Thanks, Bob, this is what I meant in my previous mail. There is always a research side and a teaching side to these things. When you teach introductory courses or go on field trips discussing basic petrography and interpretation of metamorphic rocks, facies can be used as a quick-and-dirty approach to P and T. In this context, I would expect a student to tell me that a staurolite-andalusite schist indicates low-pressure amphibolite facies conditions ("most likely" could be added, to exercise the necessary caution). In a field trip situation, there is, of course, a better chance to look at a variety of rocks.
Re- the fossil analogy of Bruce: I don't think that modern palaeontology would be content with having a detailed stratigraphic table with fossil zones etc. entirely detached from actual (quantitative) ages.

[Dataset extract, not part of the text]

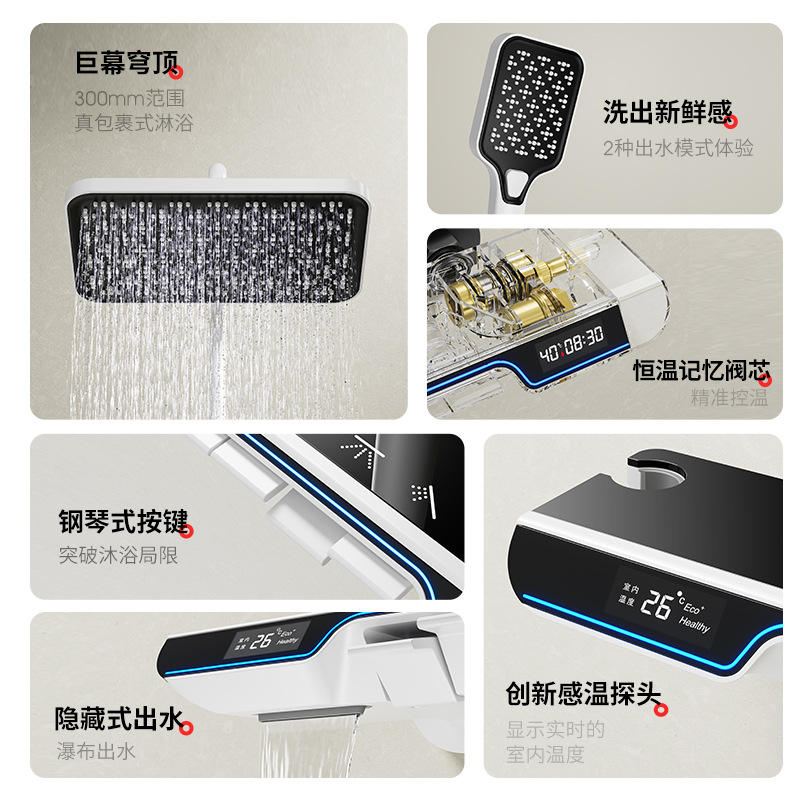 Ensemble de douche moderne 8808 chromé avec pommeau de pluie thermostatique et douchette à main pour salle de bain

I had the impression that these guys were quite busy attaching radiometric ages to all their boundaries. Clearly, the zones and boundaries are still defined by fossils, but the numbers are not meaningless, even though they will be refined as time goes on. We can also turn the whole thing around and say: an age of 40 Ma means Eocene (even though the Eocene is defined by fossils for all I know), just as 800 C and 6 kbars means granulite facies conditions.